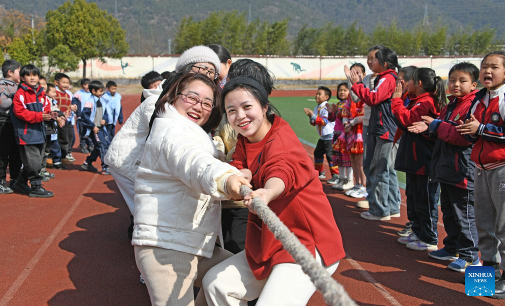 Teachers take part in a tug-of-war game at a primary school in Xianju County of Taizhou, east China's Zhejiang Province, March 8, 2024. Various activities were held across the country to celebrate International Women's Day. (Photo by Wang Huabin/Xinhua)
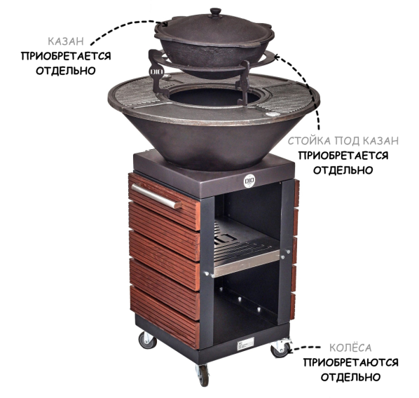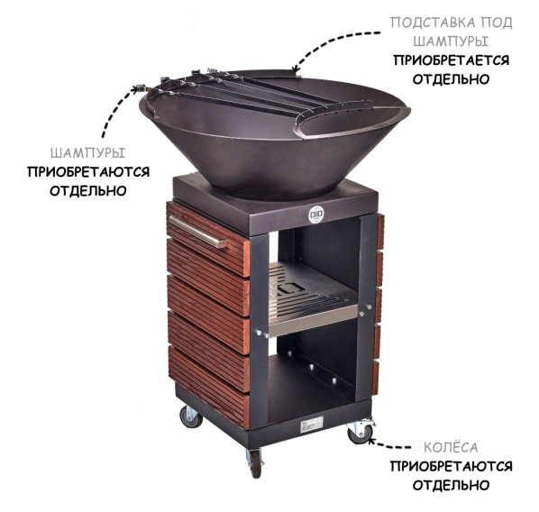 Обратите внимание на то, что решётка-гриль, стойка под казан, подставка под шампуры, шампуры, казан, чехол и колёса для данного гриля-очага приобретаются отдельно!
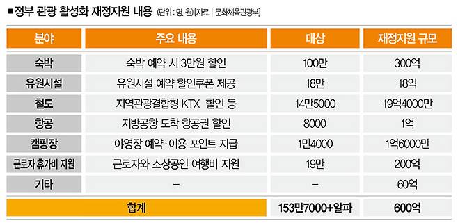 전방위적인 할인행사는 앞서 언급한 600억원의 정부 재정지원 가운데 400억원이 투입되는 사업이다. 100만명에게 숙박예약 시 3만원을 할인해주는 사업(300억원), 철도 이용객에게 요금을 할인해주는 사업(19억4000만원) 등이 포함돼 있다. 수혜자는 약 135만명이다.
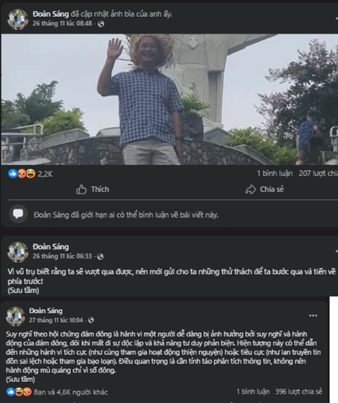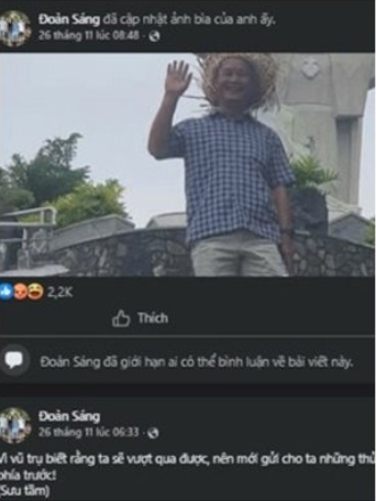 Bài đăng cuối cùng của Nguyễn Văn Sáng trên Facebook cá nhân.
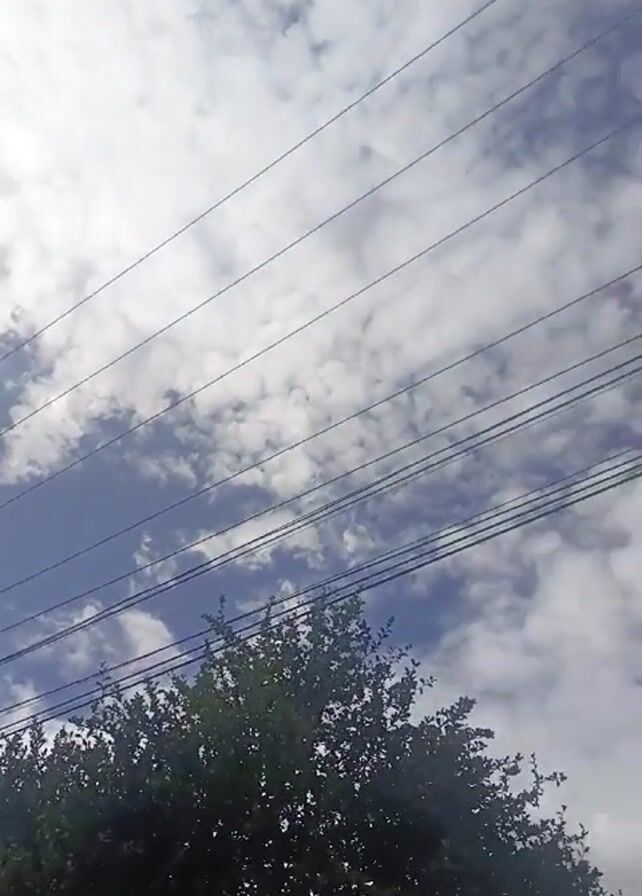 view of the sky from below, framed by the branches of a tree and crossed by several power lines. The sky is a mix of blue and white, with fluffy clouds scattered throughout. The camera moves slightly, shifting the perspective of the clouds and revealing more of the blue sky in certain areas.

────────────────

## Task prompt
Without the images, write out all of the records exactly.

## Solution for this task
 Teachers take part in a tug-of-war game at a primary school in Xianju County of Taizhou, east China's Zhejiang Province, March 8, 2024. Various activities were held across the country to celebrate International Women's Day. (Photo by Wang Huabin/Xinhua)
 Обратите внимание на то, что решётка-гриль, стойка под казан, подставка под шампуры, шампуры, казан, чехол и колёса для данного гриля-очага приобретаются отдельно!
 전방위적인 할인행사는 앞서 언급한 600억원의 정부 재정지원 가운데 400억원이 투입되는 사업이다. 100만명에게 숙박예약 시 3만원을 할인해주는 사업(300억원), 철도 이용객에게 요금을 할인해주는 사업(19억4000만원) 등이 포함돼 있다. 수혜자는 약 135만명이다.
 Bài đăng cuối cùng của Nguyễn Văn Sáng trên Facebook cá nhân.
 view of the sky from below, framed by the branches of a tree and crossed by several power lines. The sky is a mix of blue and white, with fluffy clouds scattered throughout. The camera moves slightly, shifting the perspective of the clouds and revealing more of the blue sky in certain areas.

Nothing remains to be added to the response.